_MATERIALS PROVIDED:_
-*-
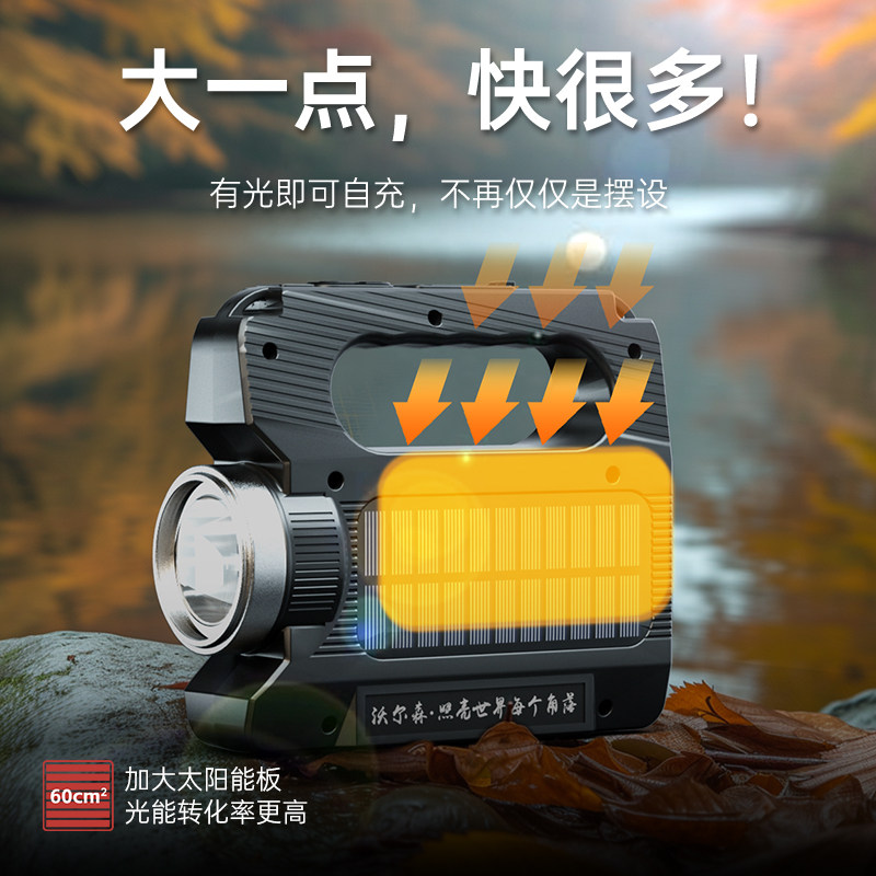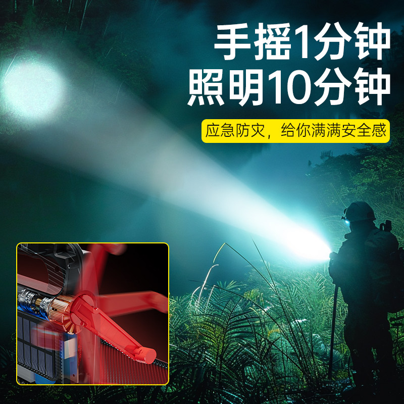 天猫沃尔森应急手摇发电多功能手电筒强光超亮太阳能充电户外照明灯
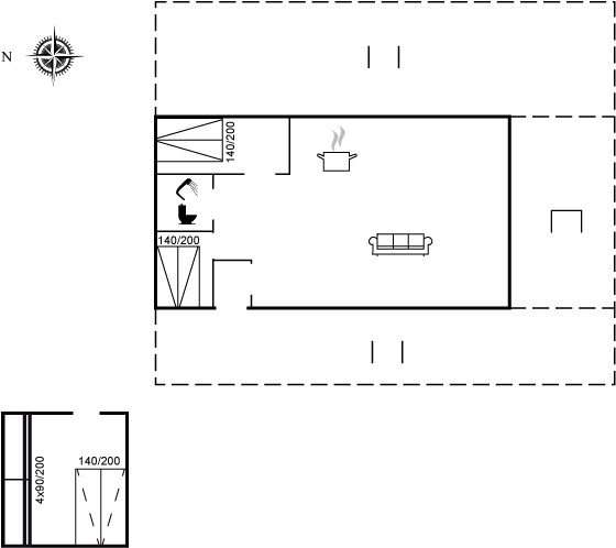 Der er også et tilhørende anneks med 2 køjesenge, som giver i alt 4 sovepladser, samt en dobbelt sovesofa. Perfekt til større familier eller grupper, der ønsker lidt ekstra plads.
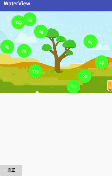 创建view最重要的两件事情: 1、给view一个随机的方向并且保存到view的tag里 //随机设置view动画的方向 view.setTag(R.string.isUp, mRandom.nextBoolean()); 2、随机设置view的位置(我这里并非完全随机,而是给了一些值,然后随机选择这些值)、这里用了一个新的集合保存已经选择到的数,下次选择的时候排除这些值,因为最好水滴不要完全重合嘛。/**但是其实这不是我最终的方法,先往下看吧,还有彩蛋**/ /** * 获取x轴或是y轴上的随机值 * * @return */ private double getX_YRandom(List<Float> choseRandoms,List<Float> saveRandoms) { float random = 0; while (random == 0 || saveRandoms.contains(random)) { random = choseRandoms.get(mRandom.nextInt(choseRandoms.size())); } saveRandoms.add(random); return random; }
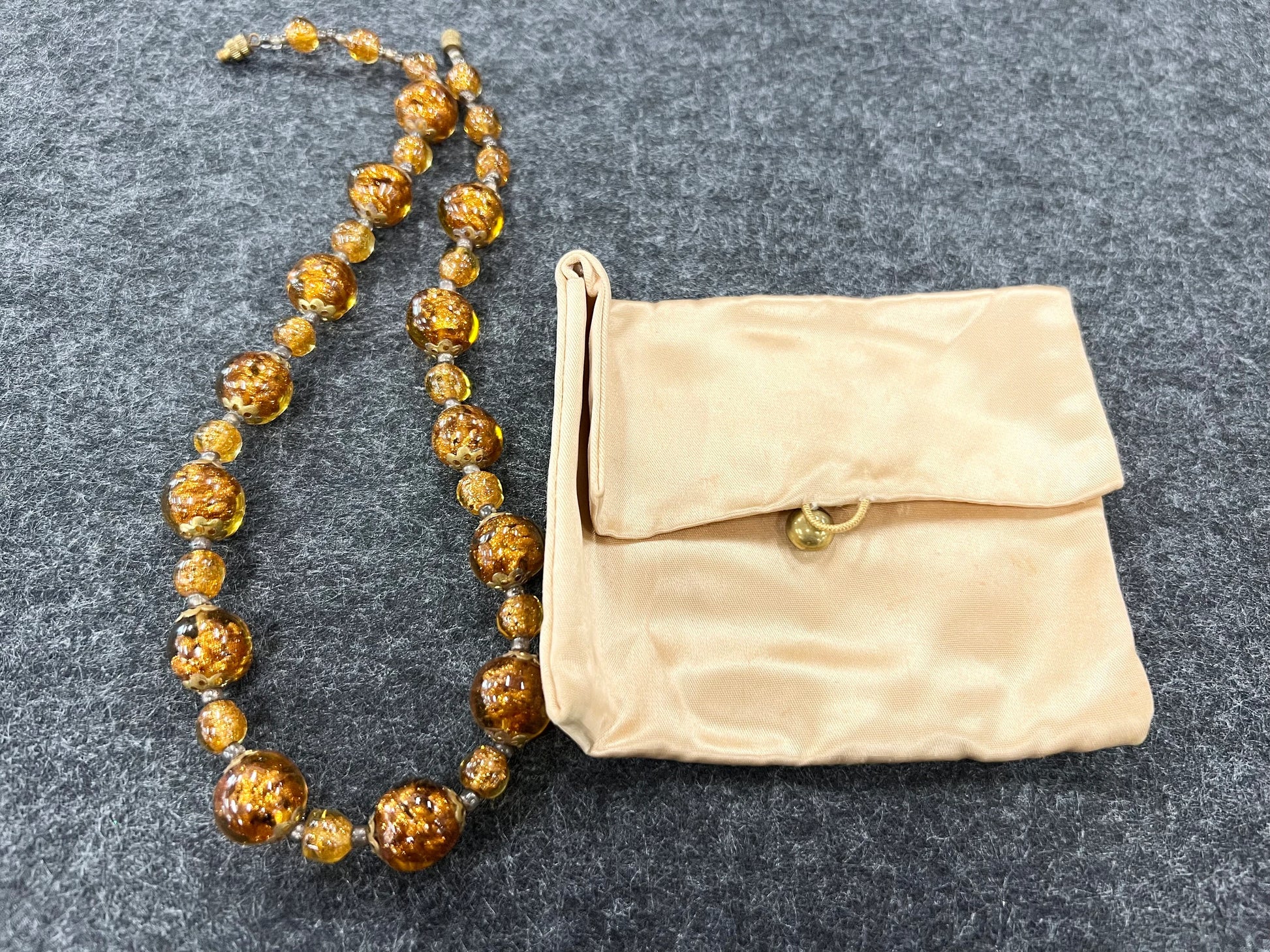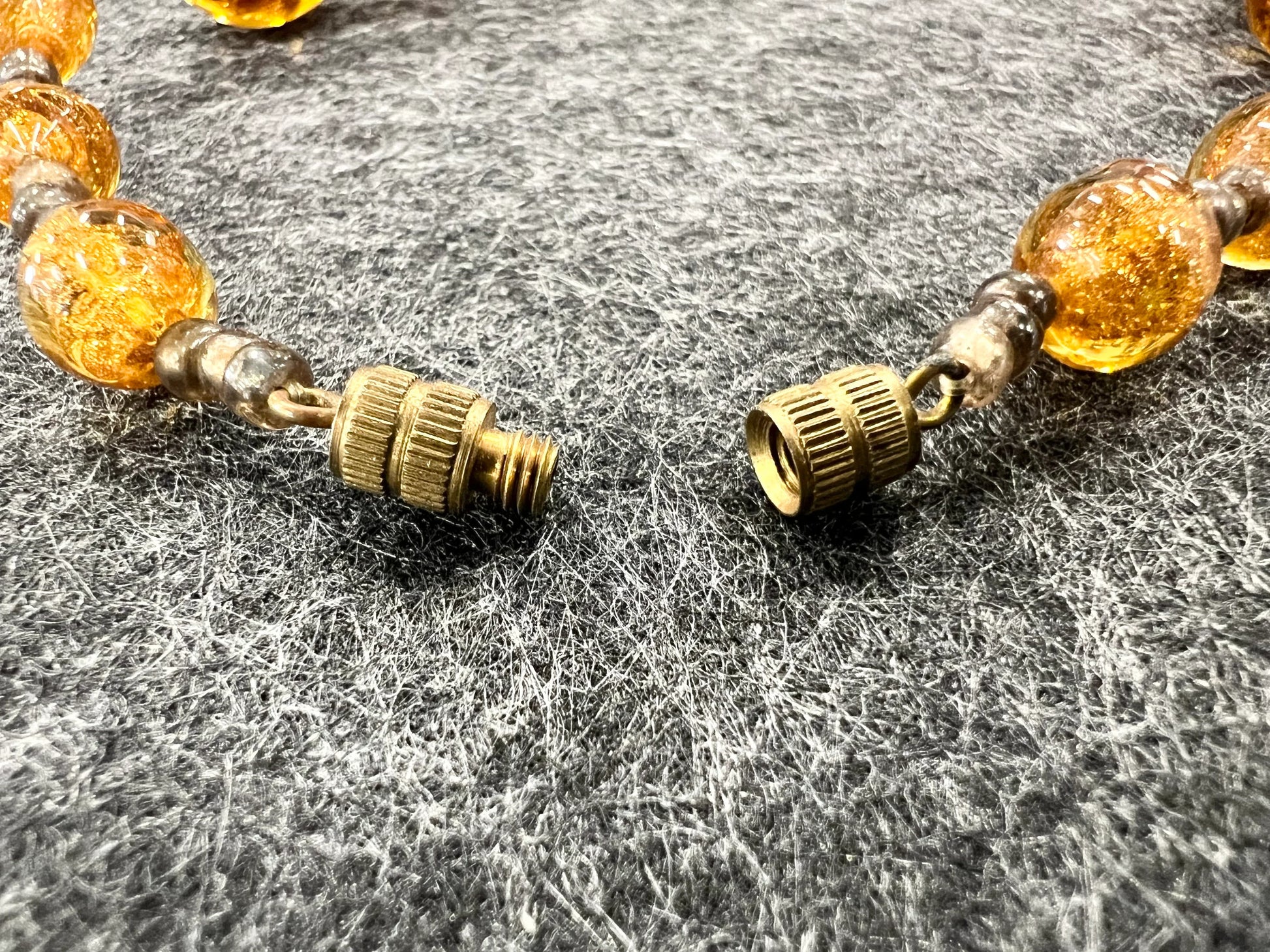 Sparkling Copper Murano Glass Necklace, which is made to be an adjustable Length Necklace. It works from choker to princess style. Actual specks of real Copper were infused into molten Honey-Colored Glass, then made into beads. This was a common practice when making beads which were going into mid century modern (MCM)Jewelry. MCM necklaces often had gold and silver in the beads. This necklace has .925 silver separators, whichcoud be cleaned further with toothpaste and a very soft tooth brush then rinsed and dried. Handle carefully, and the necklace will come alive with brightness.
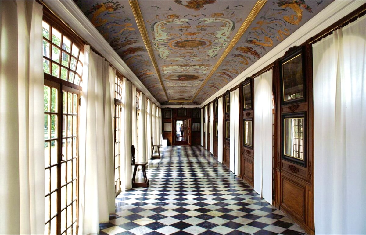 Пришла одна идея. Иногда наблюдаю в архитектурных стилях шахматный рисунок. Могу предположить, что использование шахматного рисунка используется давно. Мне вспомнился знаменитые парадные интерьеры Петра Первого во дворце Монплезир. Черно-белый в шахматном порядке мраморный пол. Подобного рода орнамент придаёт архитектурной форме динамику, особенно если шахматный рисунок располагается по диагонали. С точки зрения ощущения пространства, такой прием его расширяет, что можно использовать при желании визуально увеличить площадь.
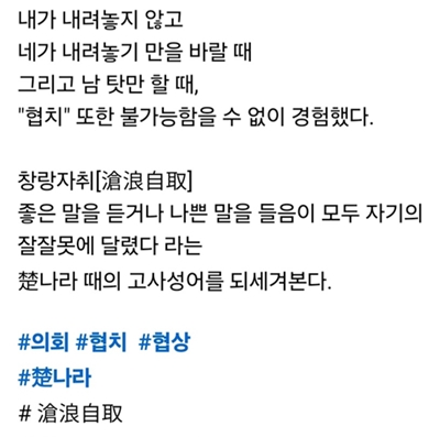 ±×´Â ¡°³»°¡ ³»·Á³õÁö ¾Ê°í ³×°¡ ³»·Á³õ±â¸¸À» ¹Ù¶ö ¶§ ÇùÄ¡´Â ºÒ°¡´ÉÇÏ´Ù¡±¶ó´Â ¸Þ½ÃÁö¿Í ÇÔ²² °í»ç¼º¾î ¡®Ã¢¶ûÀÚÃë(óçÕÈí»ö¢)¡¯¸¦ ÀοëÇÏ¸ç ¾ç´çÀÇ Ã¥ÀÓÀ» µ¹¾Æº¼ Çʿ䰡 ÀÖÀ½À» ¾Ï½ÃÇß´Ù.
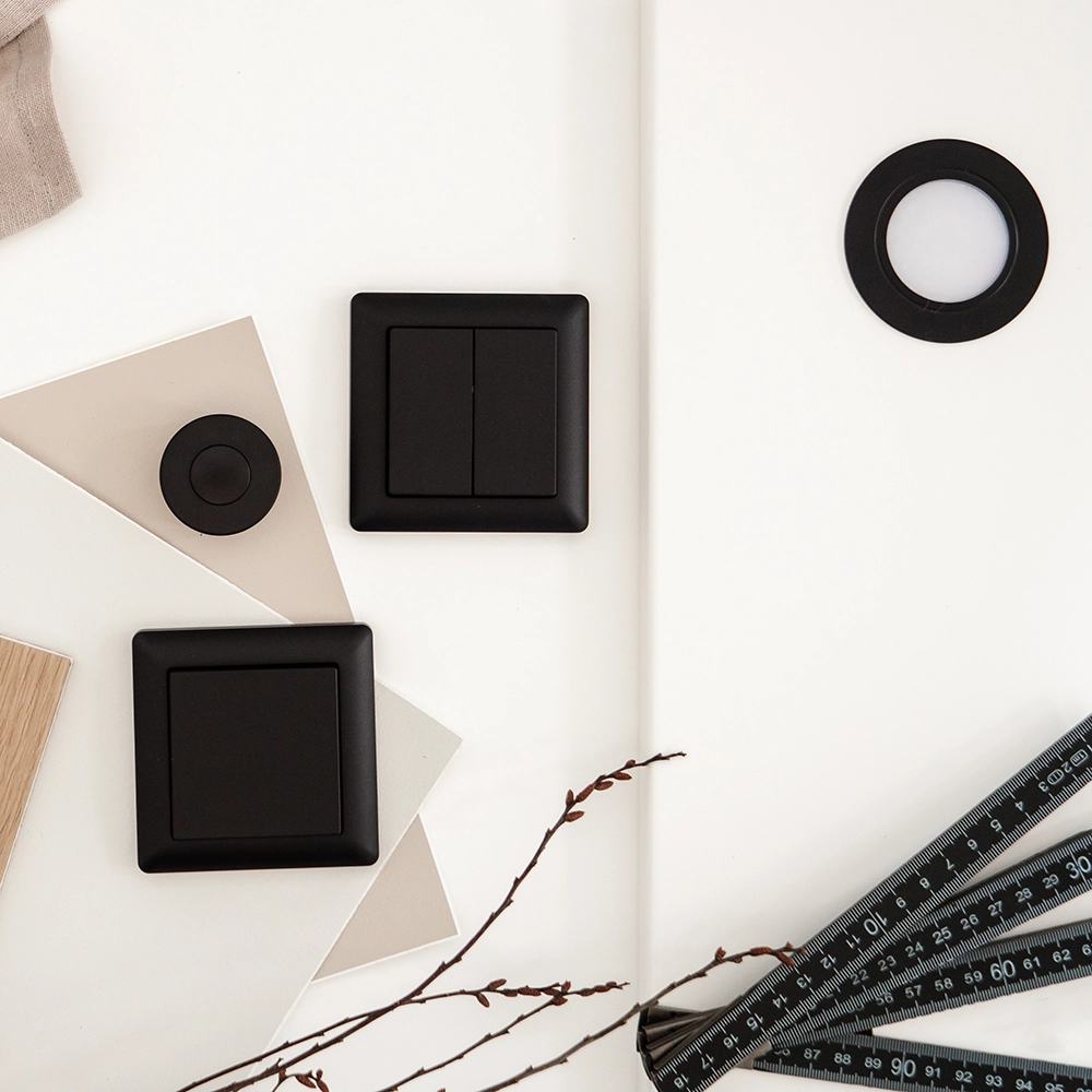 Trådløs 2-veis bryter som drives av kinetisk energi. Våre innovative 2-veis brytere som drives av kinetisk energi tilbyr fremtidens løsning for styring av belysning på kjøkken, bad og rom. Med disse bryterne kan vi kontrollere lamper helt uten kabling eller batteri!
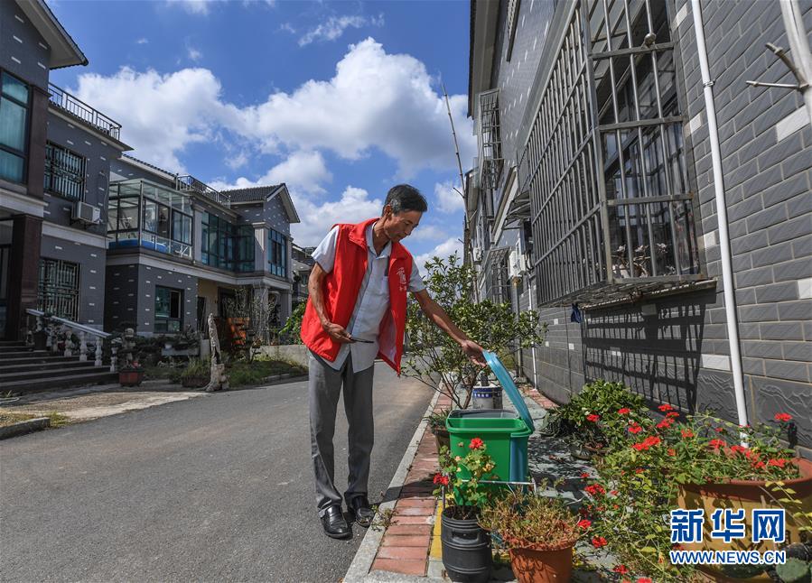 9月27日,小浦鎮(zhèn)合溪村垃圾分類督察員黃秋華在進(jìn)行垃圾分類巡查,并用APP進(jìn)行登記。從9月初開始,浙江省長興縣小浦鎮(zhèn)推廣使用手機(jī)垃圾分類智能管理平臺。通過這款A(yù)PP可以進(jìn)行村民垃圾分類情況打分、清運(yùn)員每日簽到、監(jiān)督員巡查等,并能即時(shí)生成農(nóng)戶垃圾分類“成績單”,所有農(nóng)戶均可通過APP查詢垃圾分類排行榜,既方便又環(huán)保。新華社記者 徐昱 攝
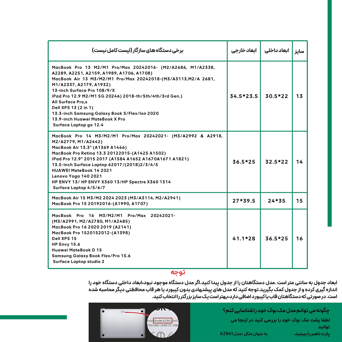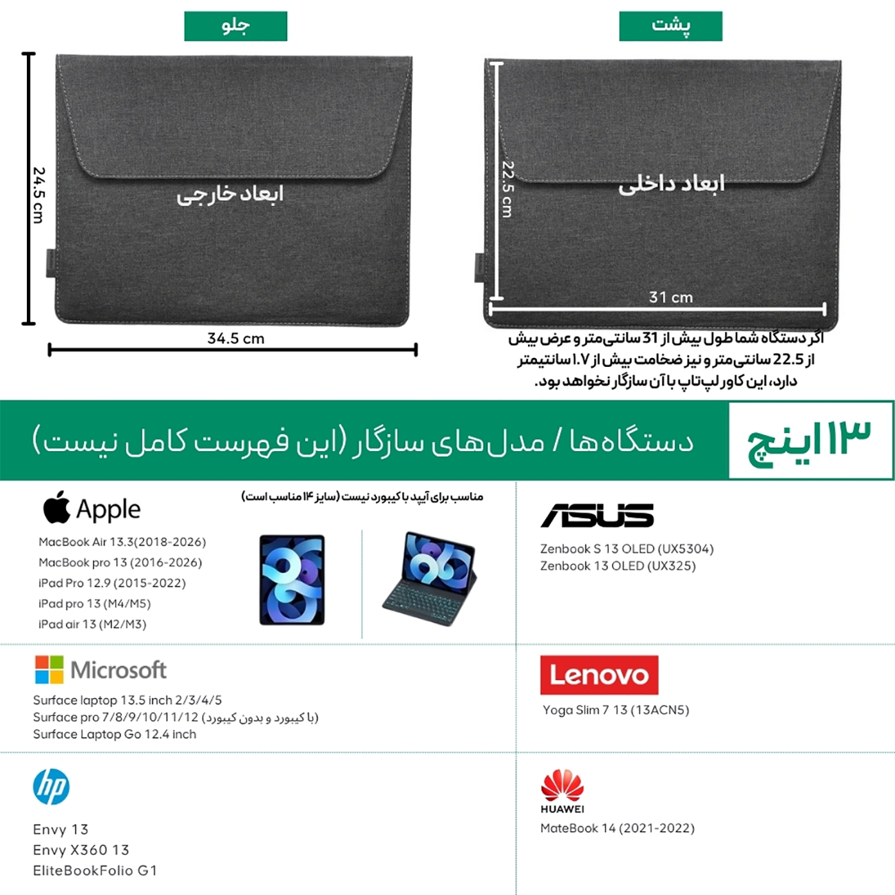 | ابعاد | 13 اینچ ( M) / ابعاد داخلی: 30×22 سانتی متر؛ ابعاد خارجی: 24.5×33 سانتی متر,14 اینچ (L) / ابعاد داخلی: 32×23 سانتی متر؛ ابعاد خارجی: 35×25.5 سانتی متر,16 اینچ(XL) / ابعاد داخلی: 36×25.5 سانتی متر؛ ابعاد خارجی: 39×28 سانتی متر |
-*-
_ABOUT THIS EXERCISE:_
Your answer must be an exact copy of the data above, minus its pictures.

_RESULT:_
 天猫沃尔森应急手摇发电多功能手电筒强光超亮太阳能充电户外照明灯
 Der er også et tilhørende anneks med 2 køjesenge, som giver i alt 4 sovepladser, samt en dobbelt sovesofa. Perfekt til større familier eller grupper, der ønsker lidt ekstra plads.
 创建view最重要的两件事情: 1、给view一个随机的方向并且保存到view的tag里 //随机设置view动画的方向 view.setTag(R.string.isUp, mRandom.nextBoolean()); 2、随机设置view的位置(我这里并非完全随机,而是给了一些值,然后随机选择这些值)、这里用了一个新的集合保存已经选择到的数,下次选择的时候排除这些值,因为最好水滴不要完全重合嘛。/**但是其实这不是我最终的方法,先往下看吧,还有彩蛋**/ /** * 获取x轴或是y轴上的随机值 * * @return */ private double getX_YRandom(List<Float> choseRandoms,List<Float> saveRandoms) { float random = 0; while (random == 0 || saveRandoms.contains(random)) { random = choseRandoms.get(mRandom.nextInt(choseRandoms.size())); } saveRandoms.add(random); return random; }
 Sparkling Copper Murano Glass Necklace, which is made to be an adjustable Length Necklace. It works from choker to princess style. Actual specks of real Copper were infused into molten Honey-Colored Glass, then made into beads. This was a common practice when making beads which were going into mid century modern (MCM)Jewelry. MCM necklaces often had gold and silver in the beads. This necklace has .925 silver separators, whichcoud be cleaned further with toothpaste and a very soft tooth brush then rinsed and dried. Handle carefully, and the necklace will come alive with brightness.
 Пришла одна идея. Иногда наблюдаю в архитектурных стилях шахматный рисунок. Могу предположить, что использование шахматного рисунка используется давно. Мне вспомнился знаменитые парадные интерьеры Петра Первого во дворце Монплезир. Черно-белый в шахматном порядке мраморный пол. Подобного рода орнамент придаёт архитектурной форме динамику, особенно если шахматный рисунок располагается по диагонали. С точки зрения ощущения пространства, такой прием его расширяет, что можно использовать при желании визуально увеличить площадь.
 ±×´Â ¡°³»°¡ ³»·Á³õÁö ¾Ê°í ³×°¡ ³»·Á³õ±â¸¸À» ¹Ù¶ö ¶§ ÇùÄ¡´Â ºÒ°¡´ÉÇÏ´Ù¡±¶ó´Â ¸Þ½ÃÁö¿Í ÇÔ²² °í»ç¼º¾î ¡®Ã¢¶ûÀÚÃë(óçÕÈí»ö¢)¡¯¸¦ ÀοëÇÏ¸ç ¾ç´çÀÇ Ã¥ÀÓÀ» µ¹¾Æº¼ Çʿ䰡 ÀÖÀ½À» ¾Ï½ÃÇß´Ù.
 Trådløs 2-veis bryter som drives av kinetisk energi. Våre innovative 2-veis brytere som drives av kinetisk energi tilbyr fremtidens løsning for styring av belysning på kjøkken, bad og rom. Med disse bryterne kan vi kontrollere lamper helt uten kabling eller batteri!
 9月27日,小浦鎮(zhèn)合溪村垃圾分類督察員黃秋華在進(jìn)行垃圾分類巡查,并用APP進(jìn)行登記。從9月初開始,浙江省長興縣小浦鎮(zhèn)推廣使用手機(jī)垃圾分類智能管理平臺。通過這款A(yù)PP可以進(jìn)行村民垃圾分類情況打分、清運(yùn)員每日簽到、監(jiān)督員巡查等,并能即時(shí)生成農(nóng)戶垃圾分類“成績單”,所有農(nóng)戶均可通過APP查詢垃圾分類排行榜,既方便又環(huán)保。新華社記者 徐昱 攝
 | ابعاد | 13 اینچ ( M) / ابعاد داخلی: 30×22 سانتی متر؛ ابعاد خارجی: 24.5×33 سانتی متر,14 اینچ (L) / ابعاد داخلی: 32×23 سانتی متر؛ ابعاد خارجی: 35×25.5 سانتی متر,16 اینچ(XL) / ابعاد داخلی: 36×25.5 سانتی متر؛ ابعاد خارجی: 39×28 سانتی متر |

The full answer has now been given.